Дядя отмахнулся от него рукой. Мол, понимаю.

– Вы пока составьте в общих чертах. Она мне почитает, а потом мы впишем, что нужно. У нее там… – он поболтал рукой в воздухе, подбирая слова, – новые нейронные связи образуются. Уже полезно. Когда приступите?

В этот день инвалид-колясочник был еще больше похож на Марлона Брандо в образе крестного отца мафии. Он вообще не смотрел на адвоката, а разговаривал как будто со всем пространством сразу.

– С удовольствием приступлю с текущего момента.

– Раньше трудно было бедному охотиться на богатую. Сейчас, конечно, многое изменилось. Но Жанна не из тех, кто использует. Я был бы спокойнее, если бы она была из таких.

И Платон Степанович узнал, что за Жанной после ее возвращения в Россию ухаживал будущий режиссер, который считал, что нельзя ставить Чехова в дешевых декорациях. Потом живописец-реалист, который искал женщину, способную на жертвенное служение его таланту. И композитор, временно живущий за счет установки дверей. Он на втором свидании сказал Жанне, что все умные женщины понимают, что мужчина полигамен, и еще ему нужно «немножко веры», а также деньги на постановку рок-оперы. Дядя собирал сведения о чужой личной жизни ничуть не хуже Раисы Федоровны. О страсти он рассуждал отстраненно. Так гроссмейстер судит о чужой шахматной партии.

– И если раньше она сбегала от претендентов на ее руку, то в этот раз у нее фанаберия. Люблю, говорит, его, не могу. Болеть начала, – дядя махнул рукой, – так что пусть выходит замуж! Разведется – поумнеет.

– А что Эльвира?

– Дура. Стелется перед какими-то идиотками. Я на днях слышал, как она говорила по телефону: «Ой, а где вы? Ой, а я за вами заеду.

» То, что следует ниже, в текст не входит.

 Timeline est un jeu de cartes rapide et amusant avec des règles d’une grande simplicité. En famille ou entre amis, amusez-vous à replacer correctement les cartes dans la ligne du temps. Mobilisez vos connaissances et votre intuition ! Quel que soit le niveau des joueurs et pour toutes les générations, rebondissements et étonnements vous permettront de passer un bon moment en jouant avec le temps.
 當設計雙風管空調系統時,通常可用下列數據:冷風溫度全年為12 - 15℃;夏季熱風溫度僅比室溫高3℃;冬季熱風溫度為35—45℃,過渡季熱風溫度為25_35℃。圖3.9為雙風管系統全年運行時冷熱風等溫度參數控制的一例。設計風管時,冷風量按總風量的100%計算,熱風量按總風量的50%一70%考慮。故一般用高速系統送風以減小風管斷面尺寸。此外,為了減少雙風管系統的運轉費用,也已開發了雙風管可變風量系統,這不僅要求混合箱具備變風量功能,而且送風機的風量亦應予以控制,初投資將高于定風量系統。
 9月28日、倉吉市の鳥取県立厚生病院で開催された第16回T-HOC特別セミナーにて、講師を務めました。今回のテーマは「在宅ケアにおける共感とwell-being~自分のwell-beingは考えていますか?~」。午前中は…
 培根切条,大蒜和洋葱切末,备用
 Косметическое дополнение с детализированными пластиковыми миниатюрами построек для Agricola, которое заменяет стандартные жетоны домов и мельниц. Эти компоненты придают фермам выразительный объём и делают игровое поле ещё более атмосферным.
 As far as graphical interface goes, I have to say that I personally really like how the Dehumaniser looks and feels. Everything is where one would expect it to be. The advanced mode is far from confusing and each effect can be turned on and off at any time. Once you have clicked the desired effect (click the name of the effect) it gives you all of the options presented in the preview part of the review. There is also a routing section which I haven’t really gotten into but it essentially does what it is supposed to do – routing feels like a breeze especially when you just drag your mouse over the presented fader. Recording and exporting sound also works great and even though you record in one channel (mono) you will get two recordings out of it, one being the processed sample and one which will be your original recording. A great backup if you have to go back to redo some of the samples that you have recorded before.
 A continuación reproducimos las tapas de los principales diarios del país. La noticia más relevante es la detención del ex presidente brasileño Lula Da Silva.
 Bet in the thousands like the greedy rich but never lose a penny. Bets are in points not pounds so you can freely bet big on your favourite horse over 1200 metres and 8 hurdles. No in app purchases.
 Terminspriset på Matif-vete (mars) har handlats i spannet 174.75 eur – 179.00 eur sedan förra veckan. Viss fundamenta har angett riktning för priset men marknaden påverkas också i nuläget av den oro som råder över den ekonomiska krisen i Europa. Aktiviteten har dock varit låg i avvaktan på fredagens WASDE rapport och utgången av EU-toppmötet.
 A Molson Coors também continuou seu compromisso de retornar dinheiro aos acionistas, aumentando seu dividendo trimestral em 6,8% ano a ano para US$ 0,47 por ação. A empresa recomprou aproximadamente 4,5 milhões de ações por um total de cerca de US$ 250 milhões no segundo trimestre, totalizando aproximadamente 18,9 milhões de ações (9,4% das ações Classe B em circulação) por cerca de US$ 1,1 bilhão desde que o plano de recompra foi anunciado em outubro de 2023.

Ой, ну что вы, я за вами все-таки заеду. Позвольте, я сейчас приеду за вами». – Когда генерал изображал манеру Эльвиры говорить, Смородина с трудом сдержался, чтобы не рассмеяться. – Так боялась, что ей откажут, что даже мне противно стало. Я ее терплю только ради племянницы. Но бабенки из книжного клуба в музее все-таки приехали. Пусть! Я только за то, чтобы Жанна общалась, а не лежала лицом в подушку.


Анна и Жизель согласились посетить генеральскую дачу, чтобы выгулять соломенные шляпки. Существовала только одна тема, в которой они понимали друг друга с полуслова, – фотосъемки для соцсетей. У сестер Грай в древнегреческой мифологии был один глаз на троих. Анна с Жизелью, соединяясь, были продюсером, стилистом, визажистом и половиной оператора. Шла своя волна, возникало свое кино. В длинных струящихся платьях они смотрелись, как чеховские героини. Когда в доме они сняли шляпы и расположились за большим столом на кухне, то стали похожи на сказочных Беляночку и Розочку. Аня была черноволосая с белой кожей, Жизель – загорелая блондинка. Эльвира не могла налюбоваться на своих гостей. Красивые, благополучные, понимающие.

– Эля, а зачем приходила эта странная женщина?

– Спрашивала, все ли наследники Абрамова получили свои доли.

– В смысле? Есть кто-то, кроме Жанны и Аркадича?

– Понятия не имею.

– Ну, он в принципе мог?..

– Раз в полгода. Так. На честном слове.

– Он, наверное, такой злой был поэтому.

– Не знаю я, почему он был злой, но другие дети у него вполне могли быть. И если этот ребенок признан, он может претендовать на треть наследства. А если нет, сегодня делают тесты.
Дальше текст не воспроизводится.